* _Exercise directions_:
The result should be the full listing copied exactly, with no pictures in it.

* _Information supplied_:
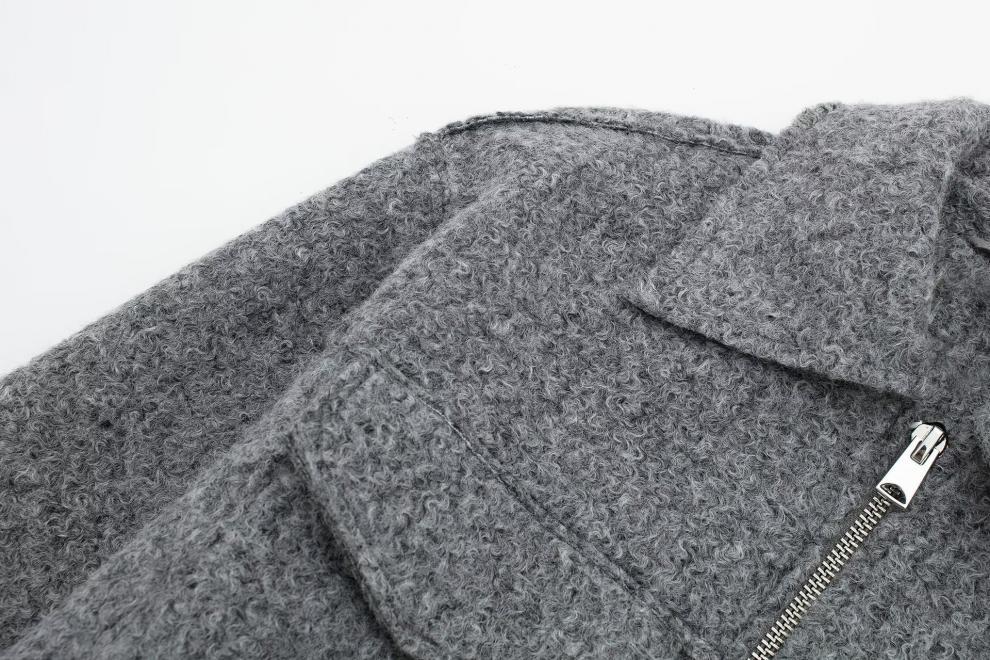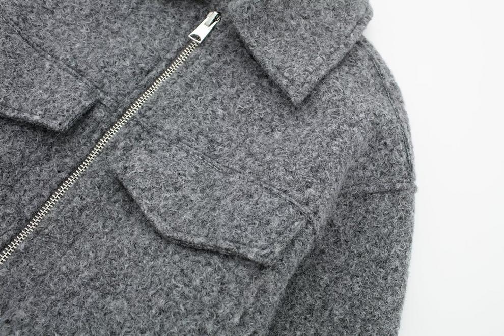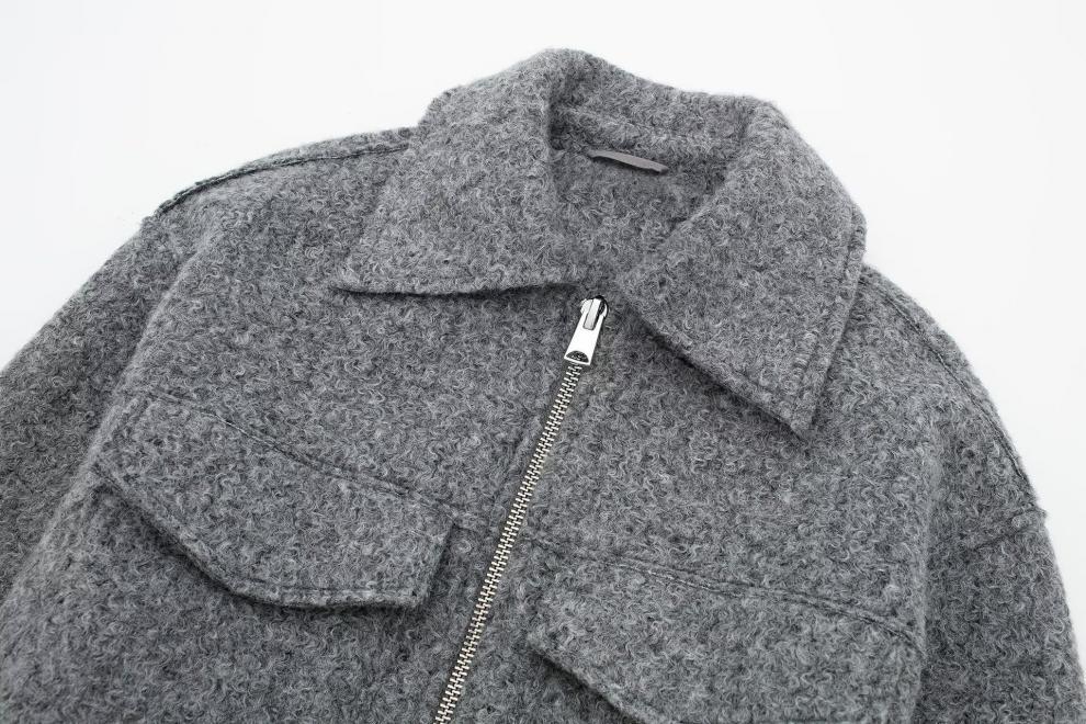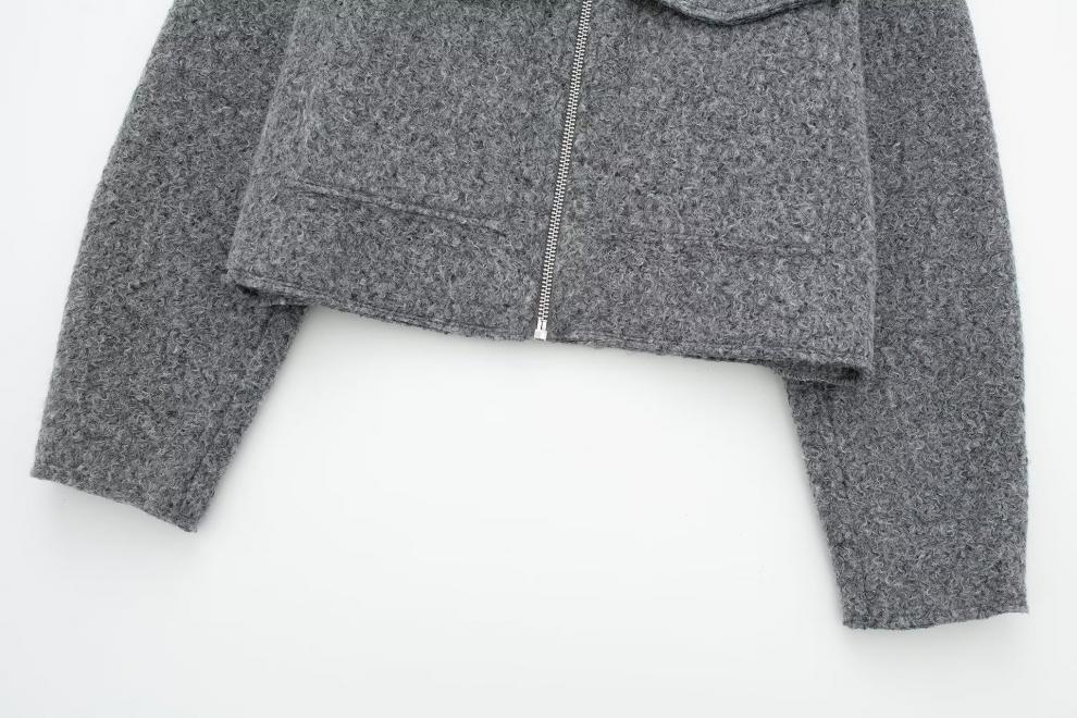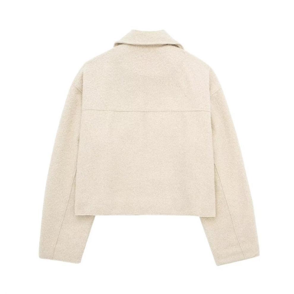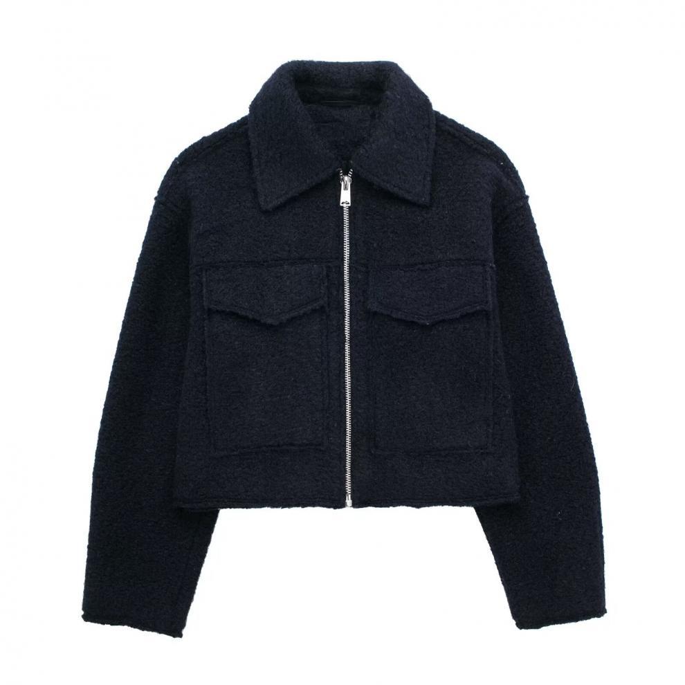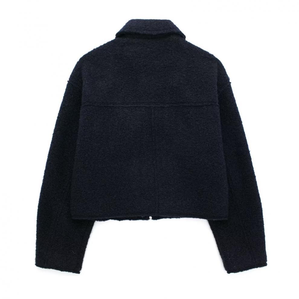 Fashionable Design: Trendy street-style short jacket with polo collar and patchwork detailing for a contemporary look.
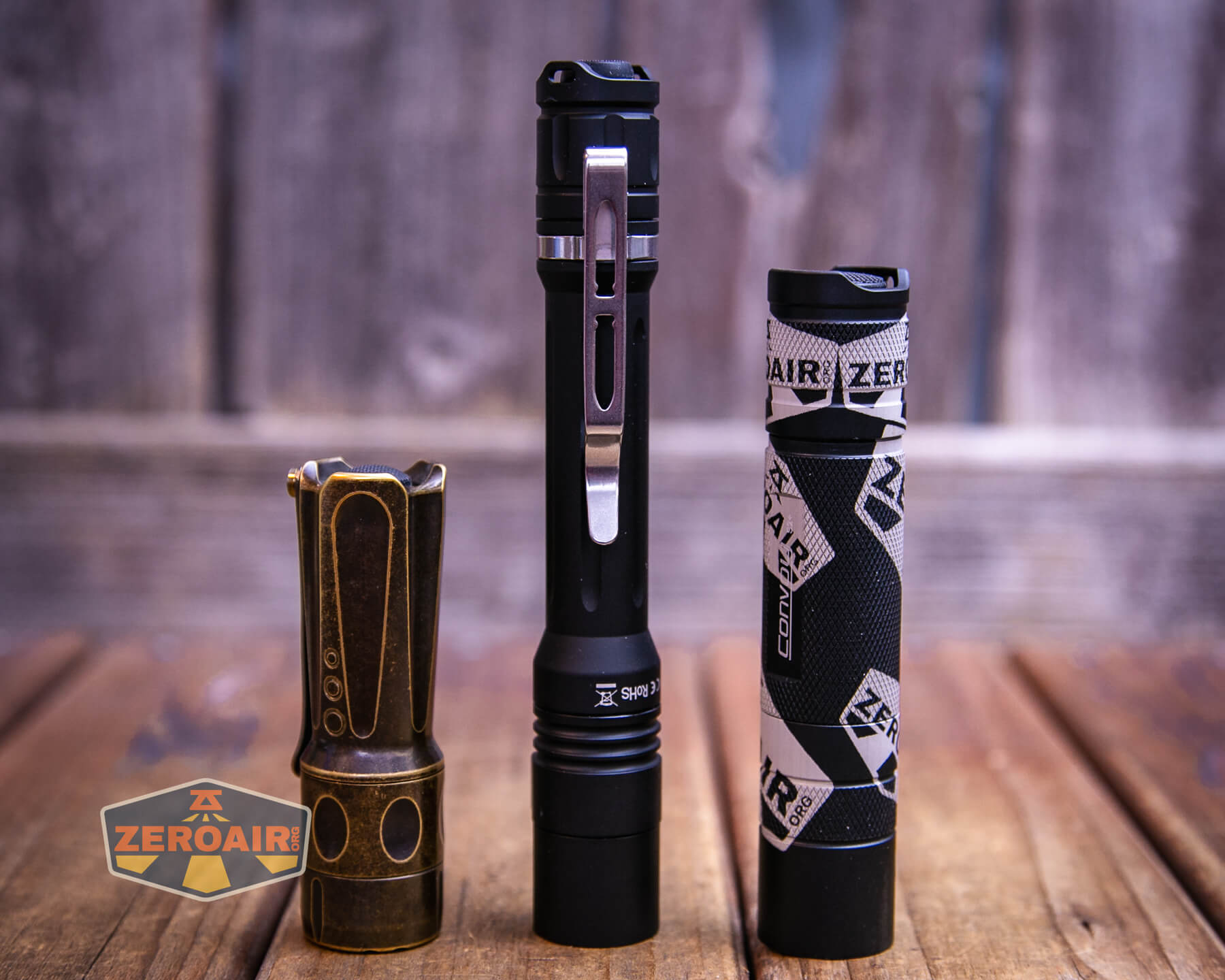 Also above is the light beside a TorchLAB BOSS 35, an 18350 light. I reviewed the aluminum version of that light in both 35 and 70 formats. I also reviewed that specific edition, the “Oveready BOSS FT Collector Vintage Brass” 35. I love it!
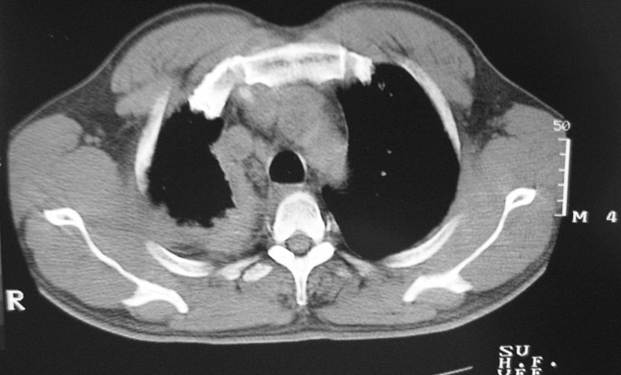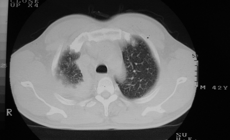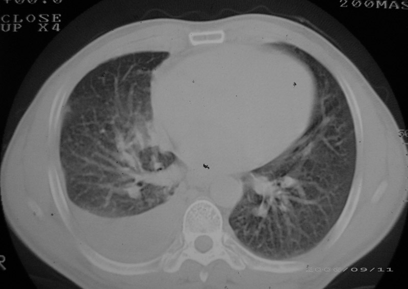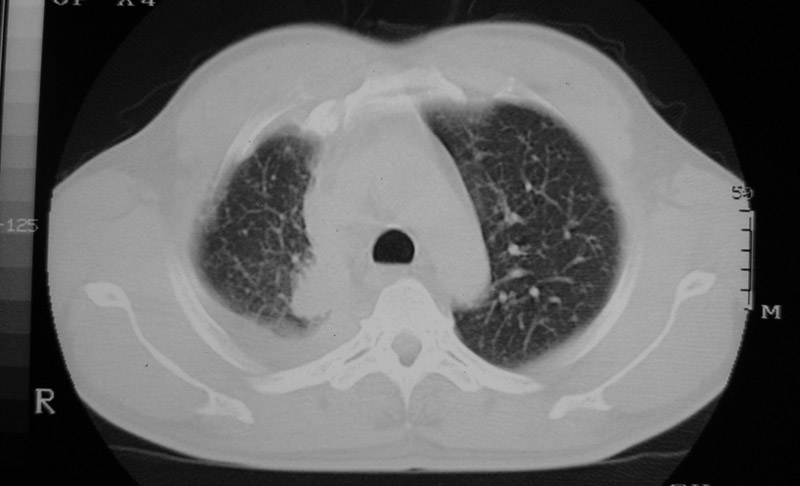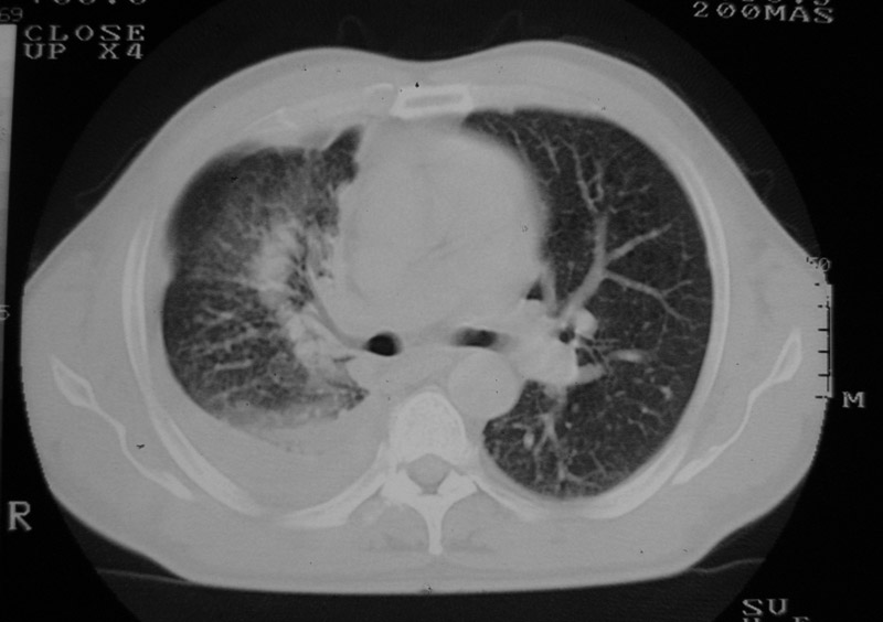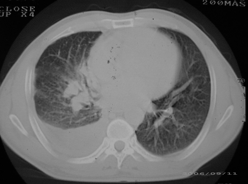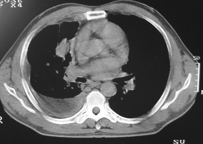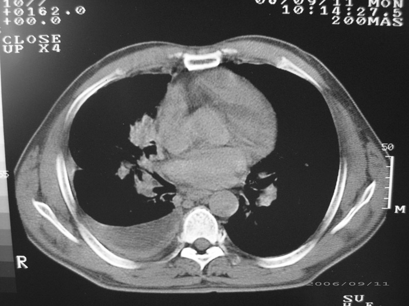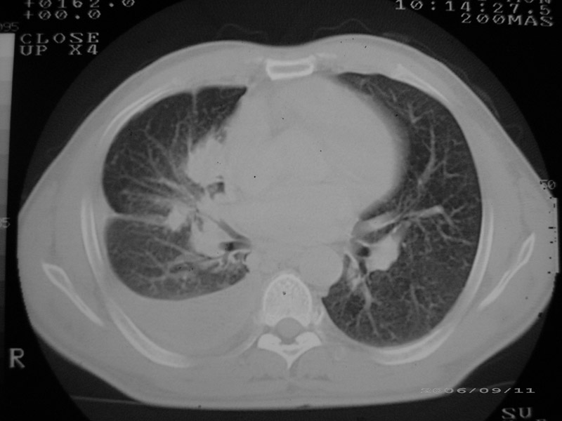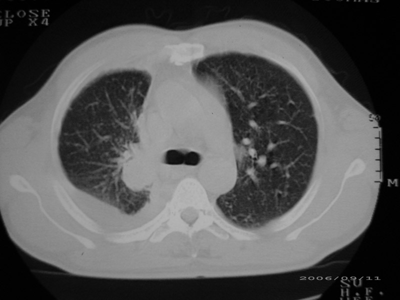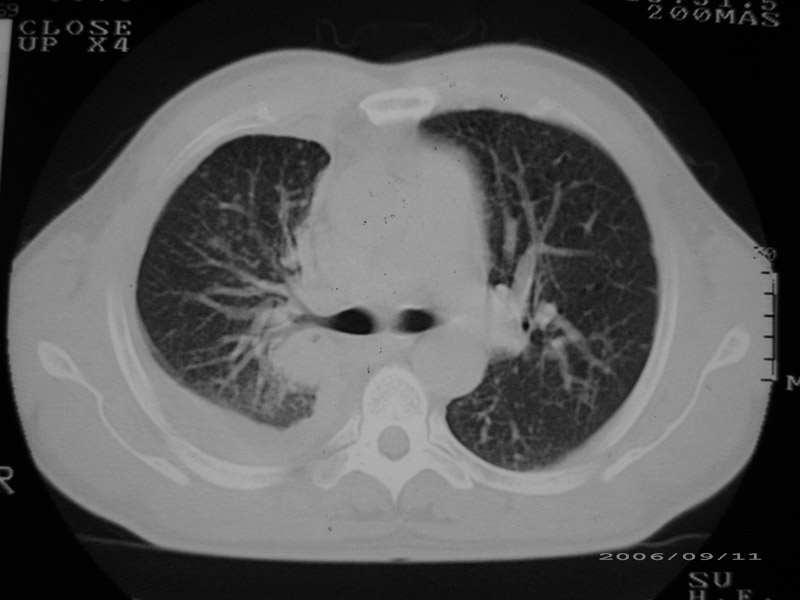 以下是引用守望可可西里在2006-9-11 15:29:00的发言:[br][br] ct平扫表现:右侧胸膜腔缩小,积液,胸膜增厚且不均匀、不规则,以纵隔胸膜增厚为主,边缘呈锯齿状,并见附壁内突之结节状肿块影。右肺含气量减少,纹理聚集,右肺门中下部见数个肿大的淋巴结。纵隔无移位,内未见明显肿大淋巴结,双侧主支气管以及各叶、段支气管比较通畅。。[br] 考虑:右侧胸膜恶性间皮瘤,伴肺门淋巴结转移。

* _Response area_:
 Fashionable Design: Trendy street-style short jacket with polo collar and patchwork detailing for a contemporary look.
 Also above is the light beside a TorchLAB BOSS 35, an 18350 light. I reviewed the aluminum version of that light in both 35 and 70 formats. I also reviewed that specific edition, the “Oveready BOSS FT Collector Vintage Brass” 35. I love it!
 以下是引用守望可可西里在2006-9-11 15:29:00的发言:[br][br] ct平扫表现:右侧胸膜腔缩小,积液,胸膜增厚且不均匀、不规则,以纵隔胸膜增厚为主,边缘呈锯齿状,并见附壁内突之结节状肿块影。右肺含气量减少,纹理聚集,右肺门中下部见数个肿大的淋巴结。纵隔无移位,内未见明显肿大淋巴结,双侧主支气管以及各叶、段支气管比较通畅。。[br] 考虑:右侧胸膜恶性间皮瘤,伴肺门淋巴结转移。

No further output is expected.